Zacznę jednak od początku, byś miał okazję upewnić się, iż dokonujesz właściwego wyboru…

Ta historia jest prawdziwa:

6 stycznia 07. Poranny wyjazd na Pomorze. Po smarta. Wesoło jest w starej, wysłużonej astrze, nie powiem. Kurczak w warzywach (na zimno) smakuje nieziemsko. Troszkę deszczu nie psuje nam humorów ... 20 km przed celem pasek rozrządu odrobinkę się zerwał. Nic to. Do celu niecałe 20 km, dobrzy ludzie mają linkę i niezłą fantazję (nocna jazda na holu z prędkością 100 km/h - do tej pory mam stany lękowe...).

6 stycznia 07 wieczór: a niech tam, fajna knajpka, browarek i dobre papu, hotelik i ... hmm (bez przesady - nic co by wykraczało poza ogólnie przyjęte normy, choć z drugiej strony…szkoda).

7 stycznia 07. Oto on. Smart. Mała, żółta poczwarka spogląda na nas smutnymi oczkami. Troszkę zaniedbana, tu i ówdzie obita, ale ogólne wrażenie dobre. Maskotka przy kluczyku przedstawia smarcika z radosnym uśmiechem na twarzy...Ta maskotka ujęła mnie najbardziej...

7 stycznia 07, odrobinę później. Smarcik już jest mój. Do domku wracamy na raty (moja kobieta zostaje z kumplem w hotelu, jego wraca ze mną smartem). Powody natury obiektywnej.

Jedziemy (pamiętaj, podwiń sobie lewą nogę, to automat....). Pamiętam. Ale zapominam o ręcznym: 300 km autko ciągnie za sobą troszkę przyblokowane kółeczka. Okazało się, że lampka sygnalizująca zaciągnięty hamulec nie do końca świeci. Tzn. świeci, ale na czarno. Cóż. Drobny wypadek przy pracy.

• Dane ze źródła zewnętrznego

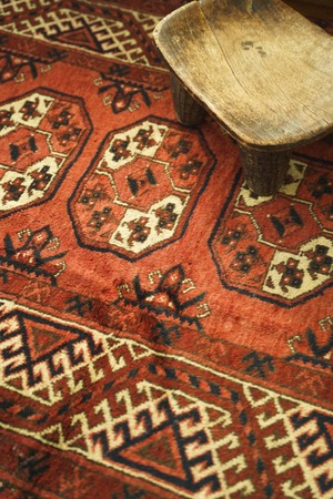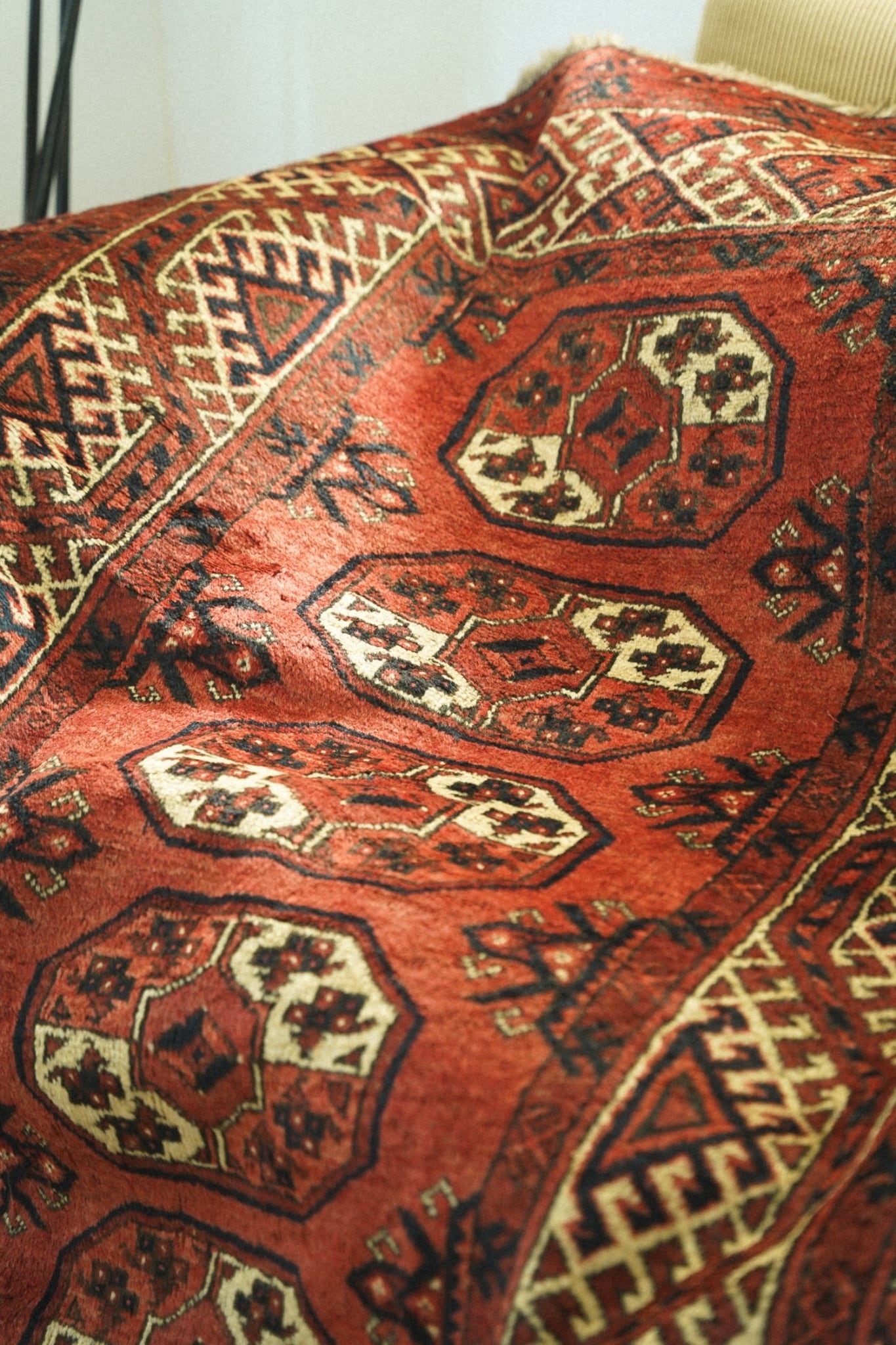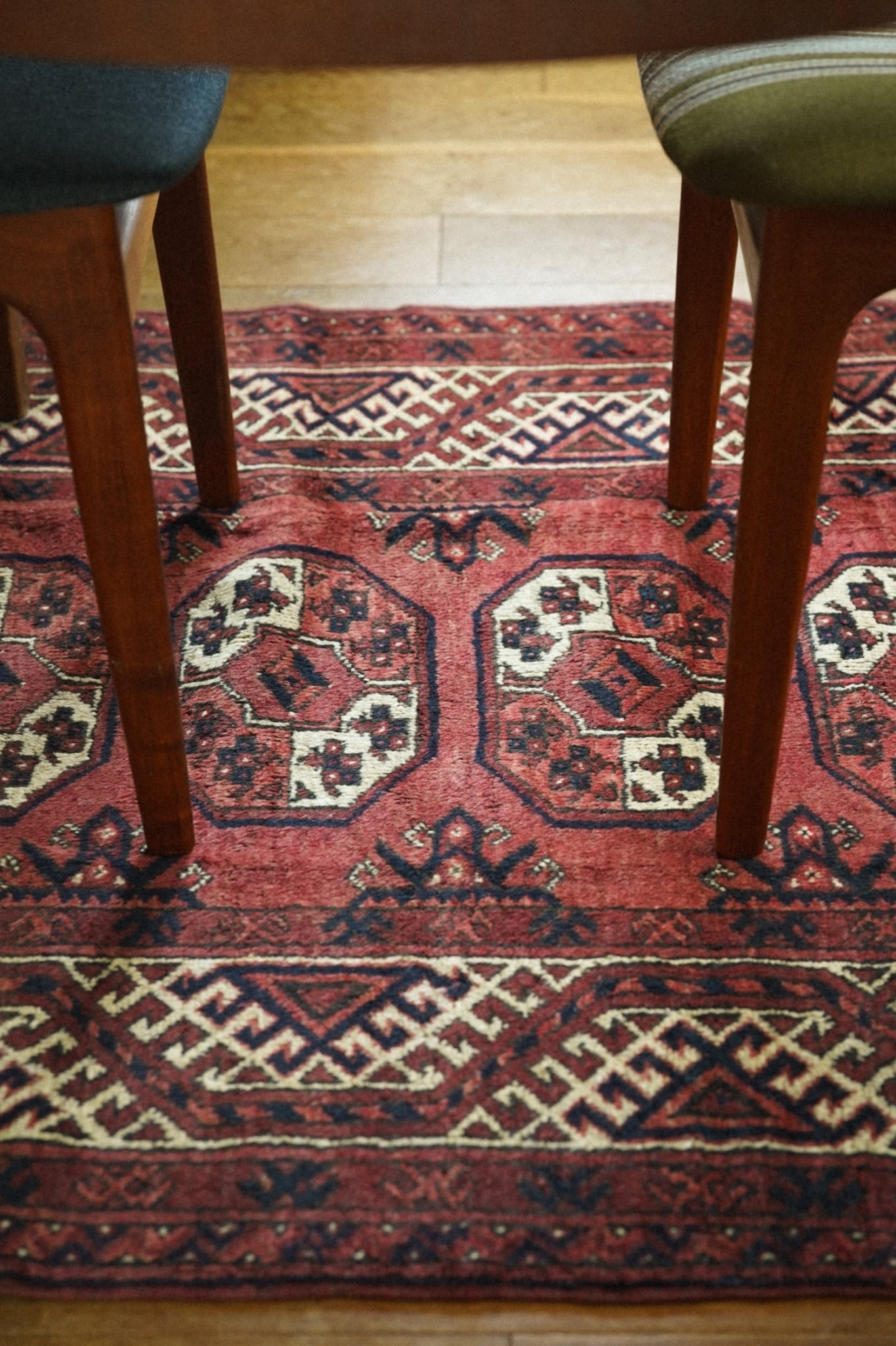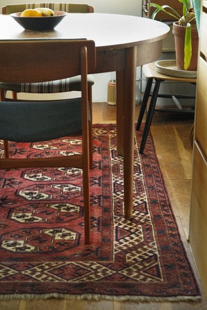 1940年代に織られたアフガニスタン産のトルクメンラグ。経年により熟成された美しい茜色のフィールドに大きなギュルが並ぶデザイン。

Dalej już bez niespodzianek ??? Kilka km przed domem zamigotał wskaźnik paliwa. Rezerwa. Teoretycznie 2 litry - dojedziemy. Padł 300 m od stacji benzynowej. Było z górki, więc nie mogę tego nawet nazwać pechem.

W domku. Smart przejechał 610 km. Sam. Bez pomocy. Jutro będę się cieszył.

8 stycznia 07. Cóż, trzeba pojechać do pracy. Smartem, a niech tam. 31 minuta jazdy: coś stuknęło i zapaliła się lampka ładowania. Damy radę, akumulator wytrzyma przeca te 20 km....Akumulator tak, ale nie chłodzenie silnika.
Dobra, stoję. Telefon do kumpla; zaraz się zjawią z holem.
Deja vu. Będę znowu holowany ? Nie będę na szczęście, w otworku do wkręcenia haka nie ma gwintu. Spychamy autko do przygodnie poznanego rolnika. Stoi tam do dnia następnego. A ja w tym czasie inauguruję sezon zakupów części do smarta.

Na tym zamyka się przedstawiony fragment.